The US markets made a mixed closing after showing a lackluster trade in last session, as traders seemed reluctant to make more significant moves after the strong gains seen in reaction to President-elect Donald Trump's surprise victory. The Asian markets too have made a mixed start and some of the indices are marginally in red despite rise in crude.

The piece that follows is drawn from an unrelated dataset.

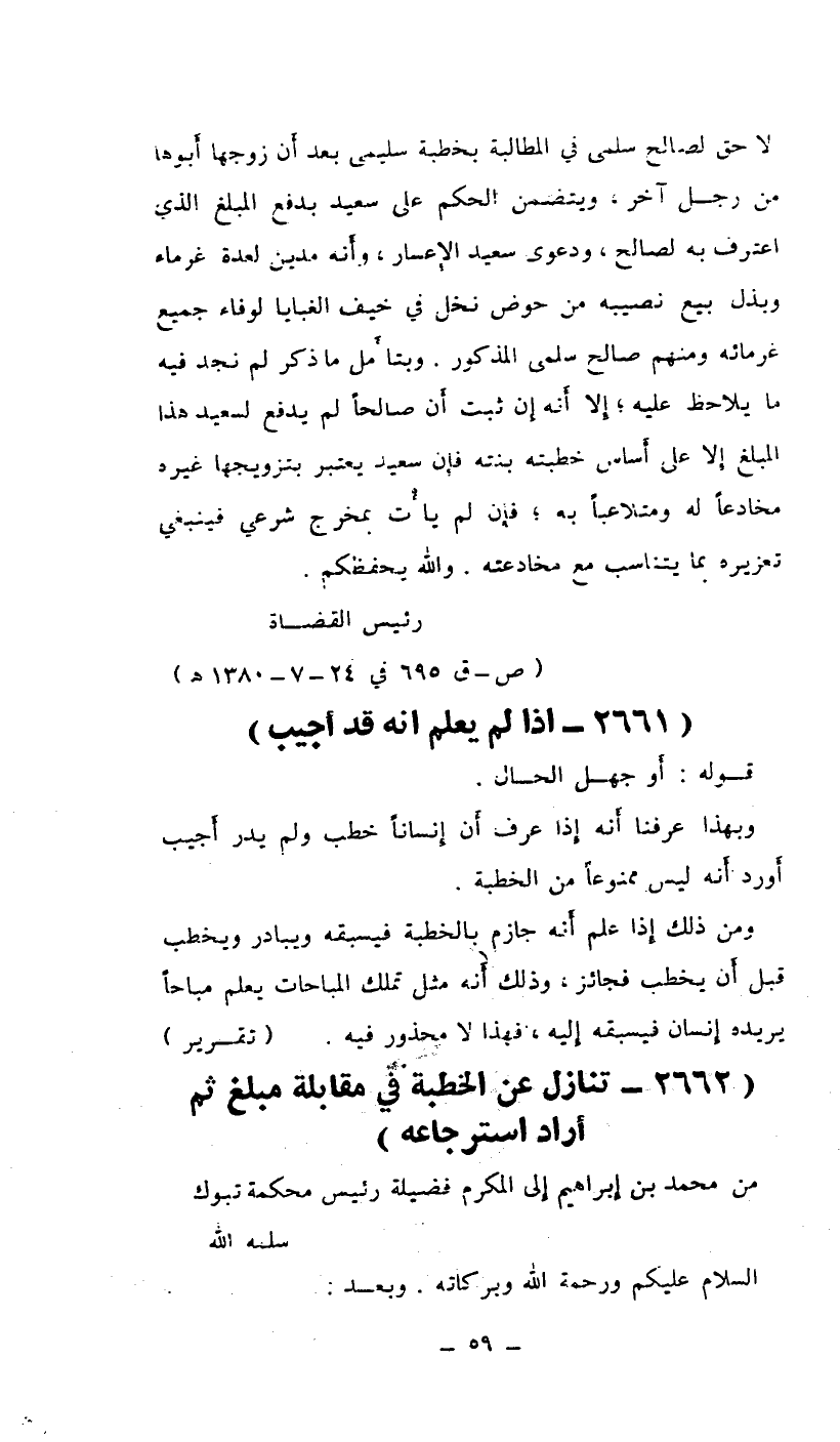 لا حق لصالح سلمى في المطالبة بعد أن زوجها أبوها من رجل آخر. ويتضمن الحكم على سعيد بدفع المبلغ الذي اعترف به لصالح ودعوى سعيد الأعسار أنه مدين لعدة غرماء وبذل بيع نصيبه من حوض نخل في خيف الغبايا لوفاء جميع غرمائه ومنهم صالح سلمى المذكور. وبتأمل ما ذكر لم نجد فيه ما يلاحظ عليه، إلا أنه إن ثبت أن صالحاً لم يدفع لسعيد هذا المبلغ إلا على أساس خطبته بنته فإن سعيد يعتبر بتزويجها غيره مخادعاً له ومتلاعباً به، فإن لم يأت بمخرج شرعي فينبغي تعزيره بما يتناسب مع مخادعته. والله يحفظكم.

Back home, Friday’s session turned out to be a dreadful session for the Indian benchmark indices, which disintegrated like a ‘house of cards’ and went on to breach various key technical levels in the over two and half percent freefall as investors feared higher interest rates under President Donald Trump will spark capital outflows from emerging markets like India. Also, impacting sentiment was the demonetisation of Rs 500 and Rs 1000 notes that dampened sentiment across sectors, especially, real estate, fast moving consumer goods and consumer discretionary. The frontline indices which appeared to be on a southbound journey, desperately kept searching for a bottom through the session, but to no avail as the journey only halted with the session’s close. Fall in rupee also dented the market mood on Friday as the currency crashed by 52 paise on account of strong demand of dollar. Emerging market currencies like rupee were hammered by concerns that investors could pull back their funds out of higher-yielding emerging assets and move them back to the US. On the domestic front, around 3 percent drop in index heavyweight State Bank of India (SBI) too dampened the sentiments. The country’s largest public sector lender came under pressure on reporting nearly 35% drop in bottomline for the quarter ended September 30, 2016, thanks to an 80% year-on-year rise in provisions and contingencies. Investors failed to get any sense of relief with the report that Reserve Bank of India (RBI) in a step to address corporate stress, making sweeping changes to existing loan recast schemes, it has given lenders additional time up to 180 days for hammering out a restructuring package under the scheme for sustainable structuring of stressed asset (S4A). Previously, the time limit was 90 days. Further, the International Monetary Fund (IMF) said it supports India's efforts to fight corruption through demonetisation, but noted that the transition needs to be managed 'prudently' to minimise any disruption.  Meanwhile, Airlines stocks came under pressure on the report that the government would impose a new levy on some domestic flights. The ministry of civil aviation has proposed the levy to help raise money to fund air travel between India's smaller towns and cities at a subsidised cost. Finally, the BSE Sensex declined 698.86 points or 2.54% to 26818.82, while the CNX Nifty dropped 229.45 points or 2.69% to 8,296.30.